# Questions aboug Special Groups SO(n) and SU(n)

1. Apr 13, 2006

### Plott029

Dear Friends,

I have many questions about the special Orthogonal Group SO(n) and the Special Unitary Group SU(n). The first, SO(n) has $$\frac {n (n-1)}{n}$$ parameters or degrees of freedom, and the second, SU(n) has $$n^2 -1$$.

If I take for example the group SO(3), this has 3 degrees of freedom, and SU(2) has too 3 degrees of freedom, and theres a relation 2->1 from SO to SU. The question is, if SU(n) can describe the same that SO(n) or if there's a lose of information in using SU(n).

Best Reggards.

2. Apr 13, 2006

### HallsofIvy

Excuse me? Didn't you just say that SO(3) has$\frac{3(3-1)}{3}= 2$ degrees of freedom? And that SU(3) has 32- 1= 8 degrees of freedom?

3. Apr 14, 2006

### Plott029

There's a mistake. SO(n) has [n(n-1)/2] and SU(n) [n2-1], thus, S(3) has 3 degrees of freedom and SU(2) has 3 degrees of freedom. The question is if SU(2) has the same information that SO(3).

Best reggards.

Last edited: Apr 14, 2006
4. Apr 14, 2006

### matt grime

What on earth does 'information' mean?

5. Apr 15, 2006

### HallsofIvy

Ah, I misread SU(2) as SU(3)! SU(2) and SO(3) both have dimension (degrees of freedom) 3(3-1)/2= 22- 1= 3. That does not mean that the are isomorphic in which "knowing one tells us everything about the other". There exist a surjective homomorphism from SU(3) to SO(2) with kernel {I, -I}.

6. Apr 17, 2006

### Plott029

:D

Usually, in Quantum Mechanics, SO(3) and SU(2) are utilized to describe, first, rotations in space, and SU(2) to describe and calculate rotations on an abstract space. My question is on about the description that SO(3) and SU(2) can do on earth... if SU(2) has "less information" or is less descriptive than SO(3) or are isomorphic. And this leaves to 2nd answer...

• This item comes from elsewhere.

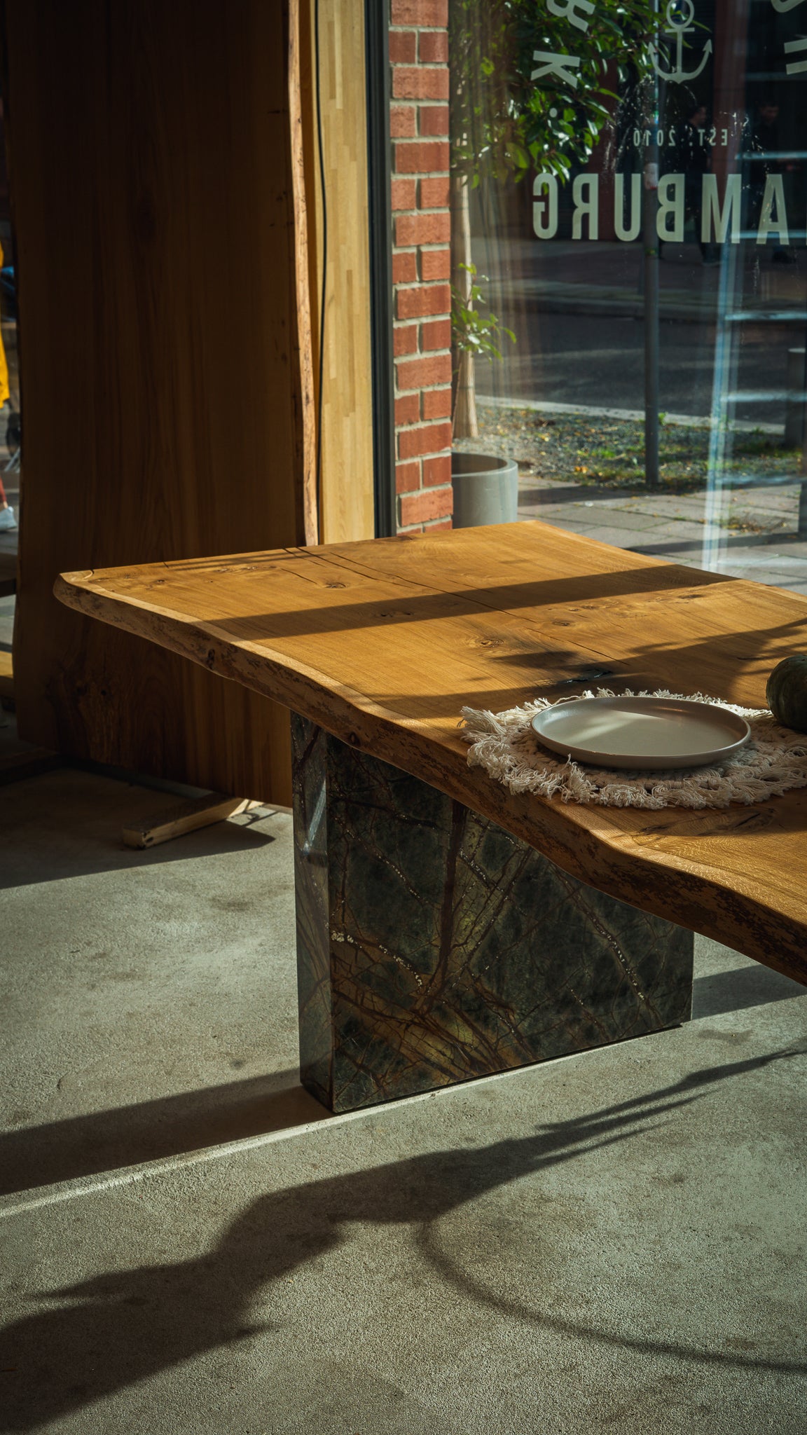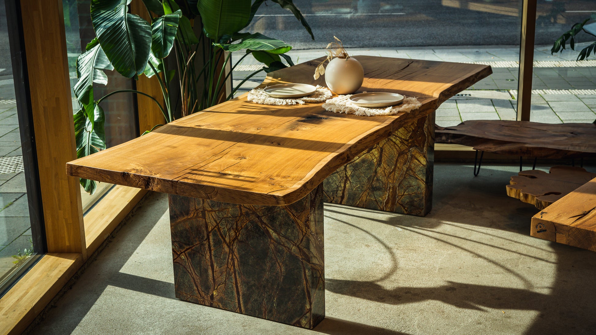 Ein einzigartiger Monolith-Tisch, der mit handwerklicher Perfektion, natürlichen Materialien und außergewöhnlichem Design überzeugt.

This surjective homomorphism, means that are equal?

7. Apr 17, 2006

### matt grime

Until you can accurately state what the 'information content' is in mathematical terms then we really can't help.

And equal is not the same as isomorphic. No SU group is equal to any SO group. One is a complex lie group the other is a real lie group. They are never equal, though some of them might be isomorphic (as groups).